Therefore, according to the scheme of the embodiment, the performance of the Hadoop analysis platform is tested, and the test result of the performance test is standardized into the configuration format, so that the configuration format is built in the database of the Hadoop analysis platform; acquiring actual parameters of the Hadoop analysis platform at regular time based on a first preset time interval, and matching the actual parameters with the configuration format to obtain matched effective configuration; regularly detecting data information running on the Hadoop analysis platform based on a second preset time interval, and judging whether the data information exceeds the effective configuration; and if the data information exceeds the effective configuration, setting a speed limiter through a first preset interface, and setting speed limiter parameters according to the data information so as to match the speed limiter parameters with the configuration format for self-adaptive speed limiting. Therefore, firstly, the method is based on the actual platform configuration matching performance parameters, has wide application and is suitable for various Hadoop architecture-based platforms; secondly, the test result of the performance test is standardized into a configuration format and is arranged in a database of a Hadoop analysis platform, parameters are configured, manual configuration is omitted, and the process is simpler, controllable and clear; thirdly, data information running on the analysis platform is dynamically detected in real time based on a preset time interval, self-adaption speed limitation is carried out according to detection results, the applicability is strong, the delay of data consumption and the delay of analysis and storage are shortened as much as possible while stability of each cluster and service is ensured, meanwhile, negative effects caused by rapid increase of data quantity can be avoided, namely, performance abnormity of the analysis platform caused by overlarge data quantity is prevented.
Further, an electronic device is disclosed in the embodiments of the present application, and fig. 5 is a block diagram of the electronic device 20 according to an exemplary embodiment, which should not be construed as limiting the scope of the application.
Fig. 5 is a schematic structural diagram of an electronic device 20 according to an embodiment of the present disclosure. The electronic device 20 may specifically include: at least one processor 21, at least one memory 22, a power supply 23, a communication interface 24, an input output interface 25, and a communication bus 26. The memory 22 is used for storing a computer program, and the computer program is loaded and executed by the processor 21 to implement relevant steps in the adaptive speed limiting method based on the Hadoop analysis platform disclosed in any of the foregoing embodiments.
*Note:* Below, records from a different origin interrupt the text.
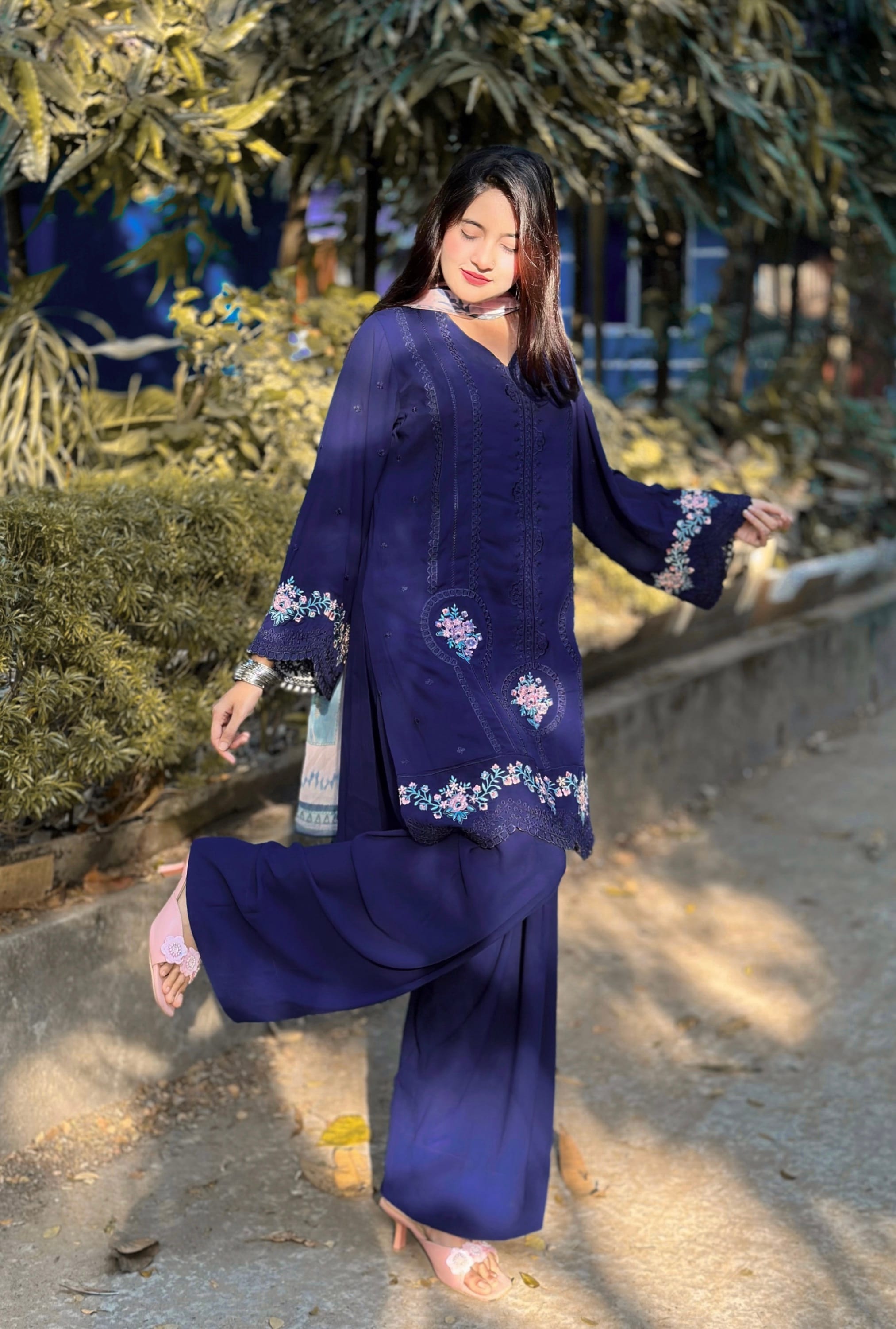 Step into timeless elegance with this exquisite 3-piece suit, beautifully adorned with intricate floral embroidery. The delicate details on the kameez, paired with a matching printed dupatta and flowy bottoms, bring together comfort and sophistication in one perfect outfit. Ideal for festive gatherings, family events, or casual outings – this set is designed to make you feel confident, graceful, and effortlessly stylish. A must-have for your wardrobe!
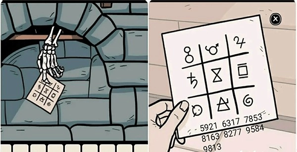 来到壁炉那里掀开画框上的白布进入剧情,接着对壁炉使用对讲机收到一张纸条,观察上面的符号,结合收音机的频道数字即可获得四个符号密码。
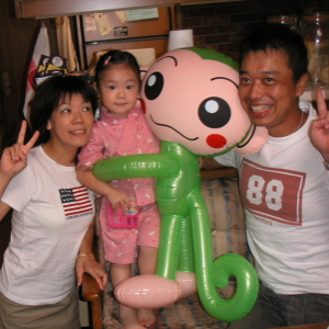 今日は、花火とウキウキモンキーを持って遊びにきてくれた2人。スーちゃんにさっそくモンキーを膨らましてもらって、大喜び。
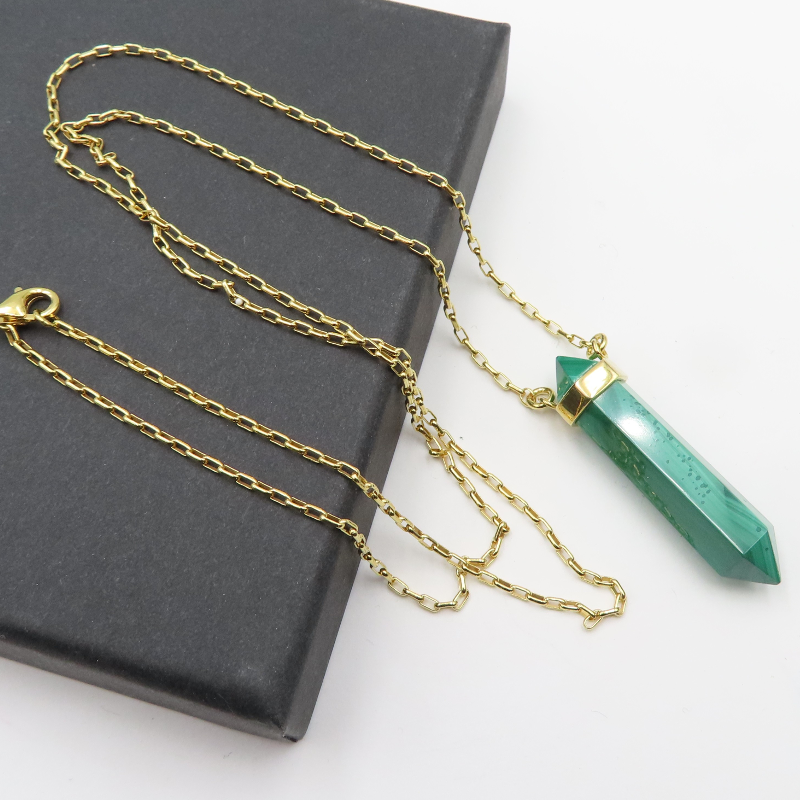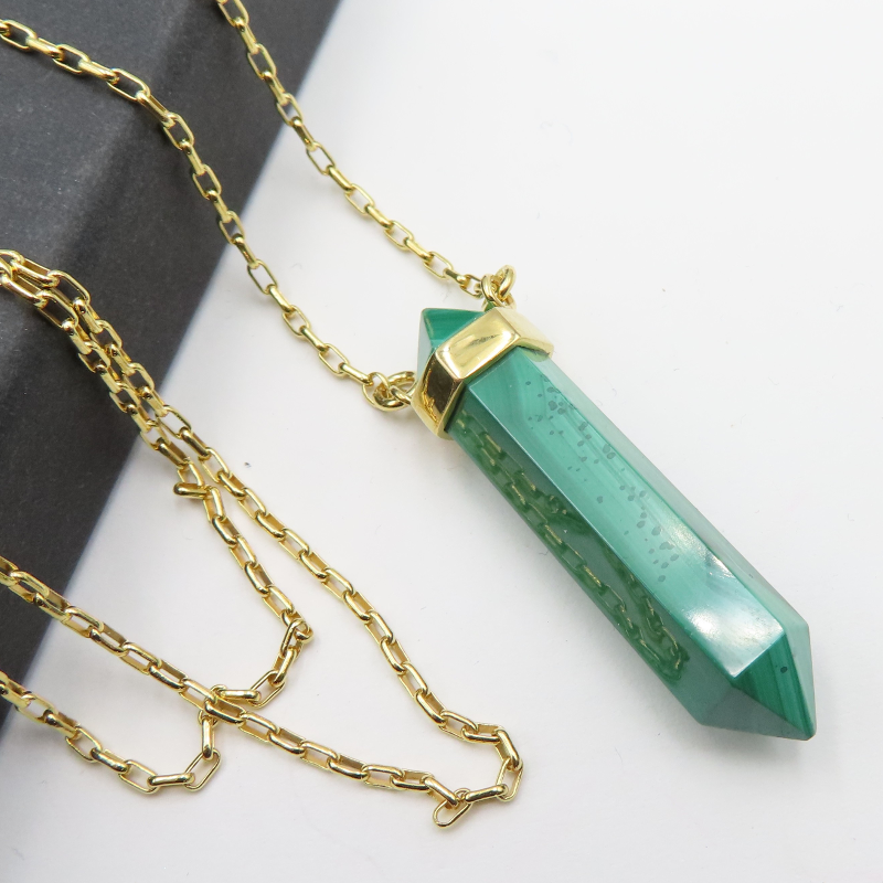 Naszyjnik - sopel Malachit w okuciu na łańcuszku. Srebro złocone próba 925.
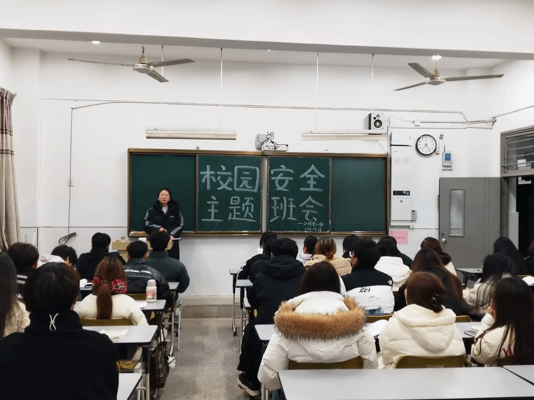班会中,各班辅导员着重强调,所有同学均应明确自身在维护校园安全中所肩负的责任与义务,并且要积极主动地参与到校园安全防护工作之中。同时,辅导员们还表示将会持续排查各项安全隐患。
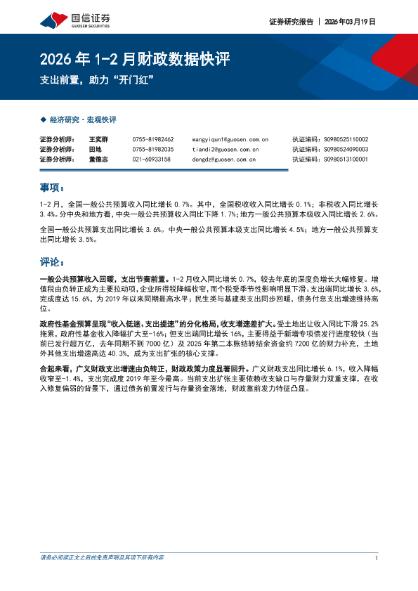 【国信证券】【202603】2026年1-2月财政数据快评:支出前置,助力“开门红”-8页
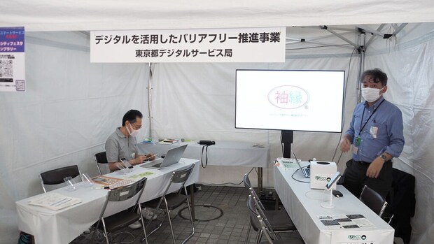 2025年に東京で開催される聴覚障がい者のための国際スポーツ大会「デフリンピック」のPRブース。デジタル技術を活用した情報保障の取り組みなども紹介されています。
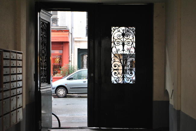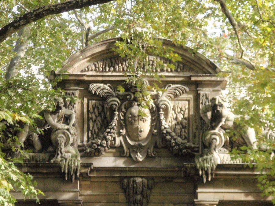 Štít s erby francouzských králů (lilie) a rodu Medicejských, nad ním královská koruna, po straně alegorie Rhôny a Seiny
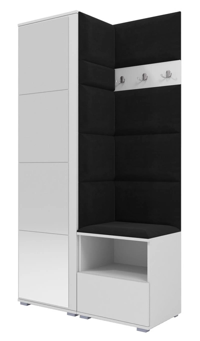 - Stylowa garderoba z panelami tapicerowanymi w kolorze białym. Zawiera wysoką szafkę z lustrem, siedzisko z szafką na buty oraz wieszak z haczykami. Idealny wybór dla tych, którzy cenią sobie elegancję i praktyczność.
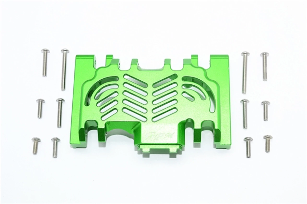 This is the GPM Racing Green Aluminum Lower Gearbox/Transmission Skid Plate for Traxxas TRX-4 scale trail trucks and rock crawlers. Made of 6061-T6 aluminum, these help protect the bottom of the center gearbox in even the roughest terrain. Stainless steel hardware is included.
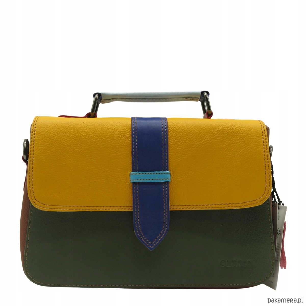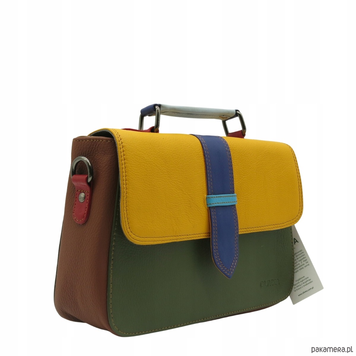 Torebka skórzana do ręki i na ramię, regulowany pasek, kolorowa eko OLIVKA
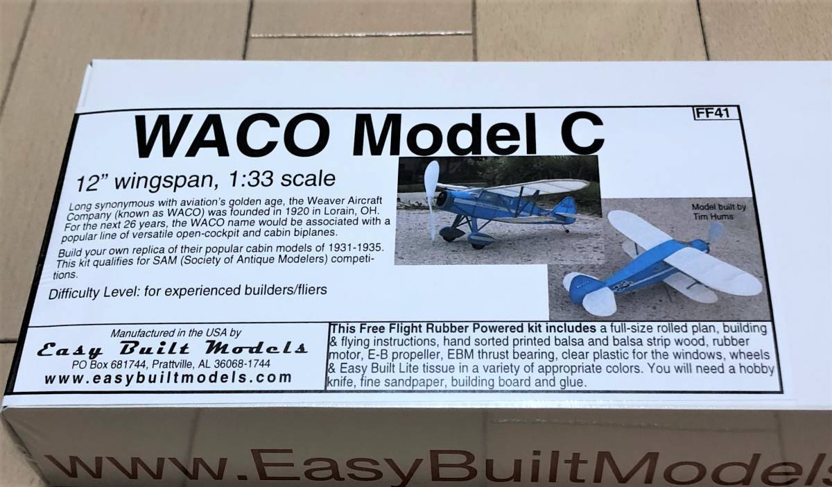 - 【ゴム動力ピーナッツ機】Easy Built製WACO Model C(翼長:12”=305mm)・・・残り2
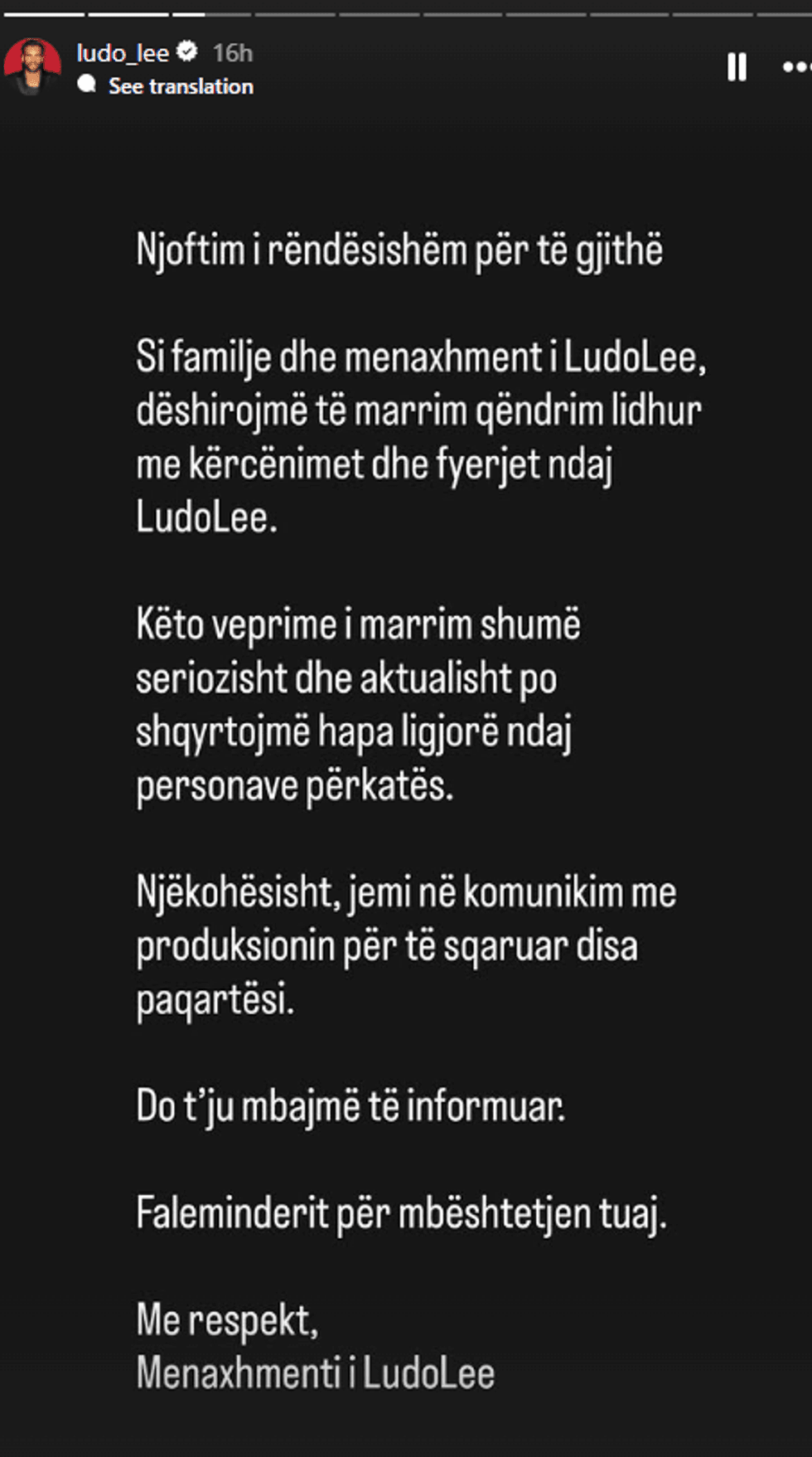 Njoftim i rëndësishëm për të gjithëSi familje dhe menaxhment i Ludo Lee, dëshirojmë të marrim qëndrim lidhur me kërcënimet dhe fyerjet ndaj Ludo Lee.

In addition, the electronic device 20 in the present embodiment may be a computer.
In this embodiment, the power supply 23 is configured to provide a working voltage for each hardware device on the electronic device 20; the communication interface 24 can create a data transmission channel between the electronic device 20 and an external device, and a communication protocol followed by the communication interface is any communication protocol applicable to the technical solution of the present application, and is not specifically limited herein; the input/output interface 25 is configured to obtain external input data or output data to the outside, and a specific interface type thereof may be selected according to specific application requirements, which is not specifically limited herein.
In addition, the memory 22 is used as a carrier for storing resources, and may be a read-only memory, a random access memory, a magnetic disk, an optical disk, or the like, the resources stored thereon may include an operating system 221, a computer program 222, data 223, and the like, and the data 223 may include various data. The storage means may be transient storage or permanent storage.
The operating system 221 is used for managing and controlling each hardware device on the electronic device 20 and the computer program 222, and may be Windows Server, netware, unix, linux, or the like. The computer program 222 may further include a computer program that can be used to perform other specific tasks in addition to the computer program that can be used to perform the adaptive speed limiting method based on the Hadoop analysis platform executed by the electronic device 20 disclosed in any of the foregoing embodiments.
Further, embodiments of the present application disclose a computer-readable storage medium, where the computer-readable storage medium includes a Random Access Memory (RAM), a Memory, a Read-Only Memory (ROM), an electrically programmable ROM, an electrically erasable programmable ROM, a register, a hard disk, a magnetic disk, or an optical disk or any other form of storage medium known in the art. When being executed by a processor, the computer program realizes the self-adaptive speed limiting method based on the Hadoop analysis platform. For the specific steps of the method, reference may be made to the corresponding contents disclosed in the foregoing embodiments, which are not described herein again.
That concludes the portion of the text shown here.